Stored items
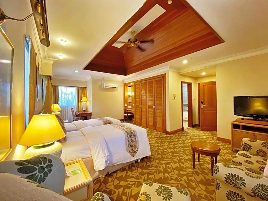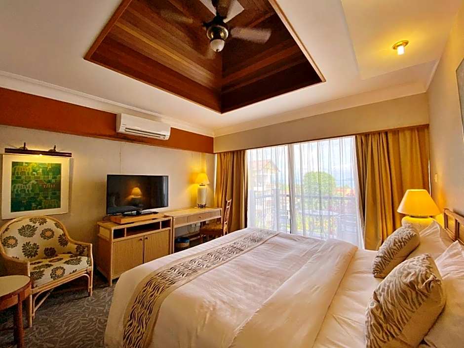 The spacious twin/double room features air conditioning, soundproof walls, a balcony with garden views as well as a private bathroom boasting a bath.
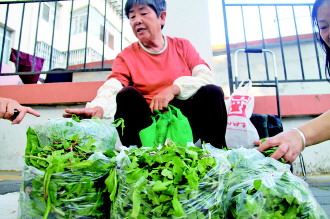 ▲26日,在建设西街,一位市民在出售野菜。 记者 王震 摄
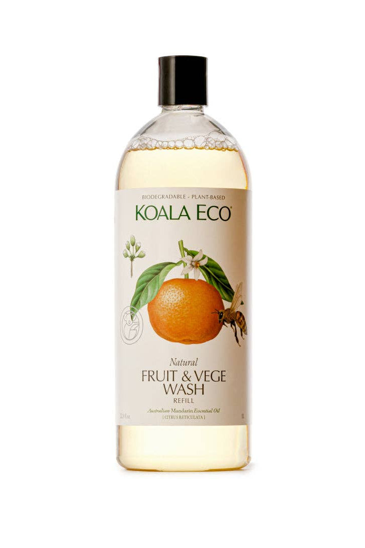 Our Mandarin Fruit & Vegetable Wash removes residual pesticides, oils, waxes and agricultural chemicals from fruit and vegetables, and leaves no aftertaste. Even organically grown produce is vulnerable to the effects of drift spray, human handling, mould spores, and dirt. A simple rinse may not suffice. Koala Eco’s biodegradable and eco-friendly plant-based formula cleans produce without the need for anything toxic. Taste the difference when you return your fruit and vegetables to the way nature intended.
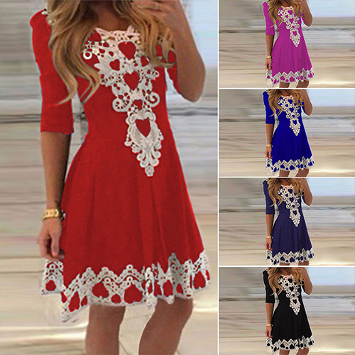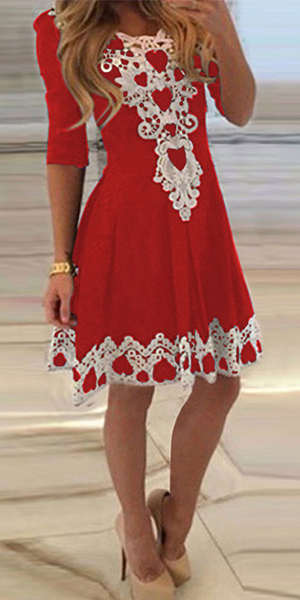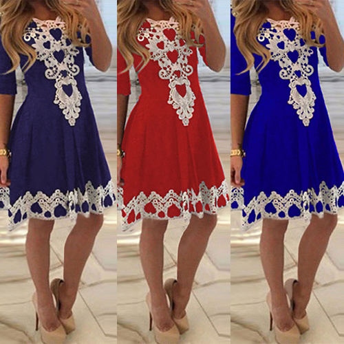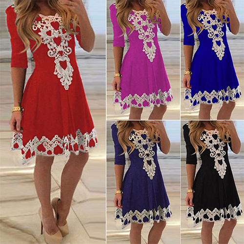 This dress can give you an easy transition for daytime work to night gatherings. Lace spliced style,
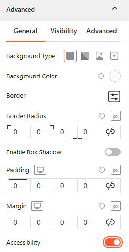 The Advanced panel allows you to manage the overall container of the accordion, covering visibility, accessibility, and high-level styling.
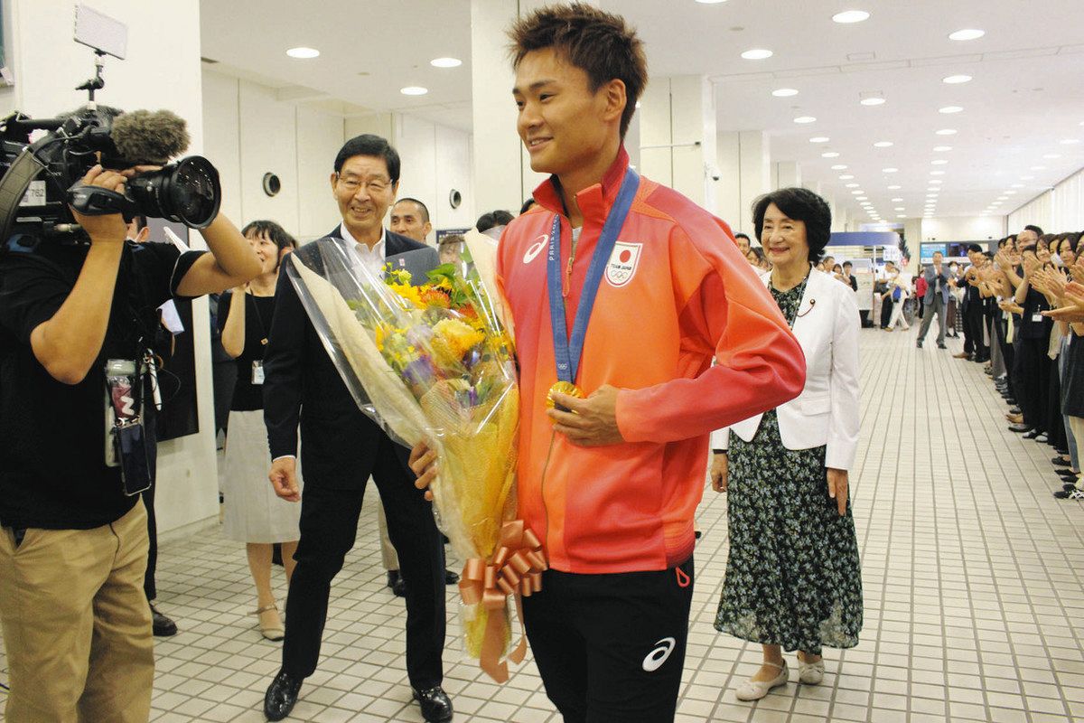 パリ五輪のフェンシング男子フルーレ団体で金メダルを獲得した東京都台東区出身の松山恭助選手(27)が10日、区役所を訪れた。

### Work instruction
None of the pictures should appear; the rest of the entries must be reproduced exactly.

### Exercise response
 The spacious twin/double room features air conditioning, soundproof walls, a balcony with garden views as well as a private bathroom boasting a bath.
 ▲26日,在建设西街,一位市民在出售野菜。 记者 王震 摄
 Our Mandarin Fruit & Vegetable Wash removes residual pesticides, oils, waxes and agricultural chemicals from fruit and vegetables, and leaves no aftertaste. Even organically grown produce is vulnerable to the effects of drift spray, human handling, mould spores, and dirt. A simple rinse may not suffice. Koala Eco’s biodegradable and eco-friendly plant-based formula cleans produce without the need for anything toxic. Taste the difference when you return your fruit and vegetables to the way nature intended.
 This dress can give you an easy transition for daytime work to night gatherings. Lace spliced style,
 The Advanced panel allows you to manage the overall container of the accordion, covering visibility, accessibility, and high-level styling.
 パリ五輪のフェンシング男子フルーレ団体で金メダルを獲得した東京都台東区出身の松山恭助選手(27)が10日、区役所を訪れた。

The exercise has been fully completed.